Now, for my (many) disagreements with Virginia FREE’s analysis.

  • I’m HIGHLY skeptical that these primaries on June 11 will – as Virginia FREE argues – “show the direction of the two major political parties ahead of the 2020 presidential cycle.” For one thing, most of these races will be won by incumbents, so how does that tell us much of anything about the 2020 Democratic presidential primaries, for instance? Also, a lot of these races will hinge heavily on local issues and aren’t really translatable into national politics, where Trump is the #1, #2 and #3 issue these days. To me, what matters more on June 11 will be overall Democratic and Republican turnout, as that will give us an indication of enthusiasm – or lack thereof – among each party’s base.
  • I’d argue that it’s utterly ludicrous – “vapid” and “stupid” were adjectives used by one of my most plugged-in, astute Virginia Democratic politico friends when I showed them this writeup – to claim that the most important primary in Virginia is Barbara Favola vs. Nicole Merlene in SD31 (note: another of my super-smart Dem politico friends messaged me, “They lost me at #1” – their SD31 analysis, that is). It’s also just flat-out, demonstrably wrong to claim that Merlene is challenging Favola “from the left.” Not only is there no evidence of that, but Merlene herself has stated that she is *not* challenging Favola from the “left.” As for the hyperbolic statement that “If Merlene gets over 35% and even 40%, the Democratic establishment will have been given final warning nationwide that its days are numbered,” that’s just…frankly, nuts. Completely absurd. In no way/shape/form would Merlene getting 35% or 40% of the vote in this race mean any of that. Did I mention that this claim by Virginia FREE is utterly ridiculous, and really shows the right-wing slant of that group to frame it this way and to make that “argument” (using the word loosely). Gack!

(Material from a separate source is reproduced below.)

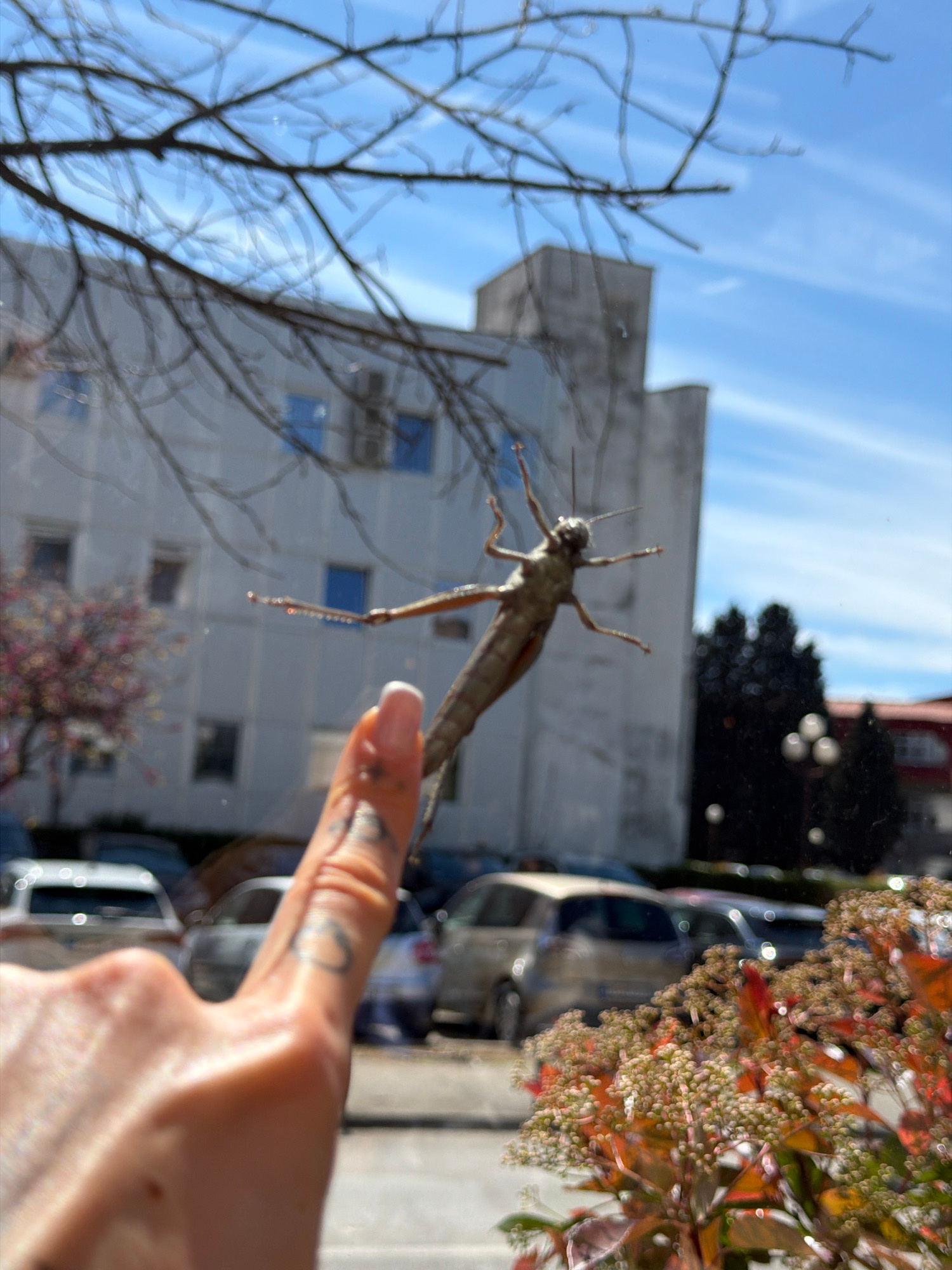 The image shows a praying mantis clinging to a window, viewed from the inside. A hand is visible, with a tattooed finger pointed towards the mantis. The background, seen through the window, includes a…read more

  • If I were going to rank one Democratic State Senate or House of Delegates primary that might show the mindset of Democrats these days, it would be much more the Dick Saslaw vs. Yasmine Taeb vs. Karen Torrent in SD35 than Favola vs. Merlene. But even there, I wouldn’t draw too many conclusions from whatever the results are on June 11, as Saslaw is an entrenched incumbent with tons of $$$, lots of powerful friends, etc, etc., and he has not one but two challengers from his left, which could end up splitting whatever anti-Saslaw vote there is. Plus, Saslaw hasn’t taken this race for granted and has been working hard. Finally, we’ll have to see how strong (or not) the Taeb and Torrent campaigns are. None of those variables, by the way, can be translated easily (or at all?) to the 2020 Democratic presidential race.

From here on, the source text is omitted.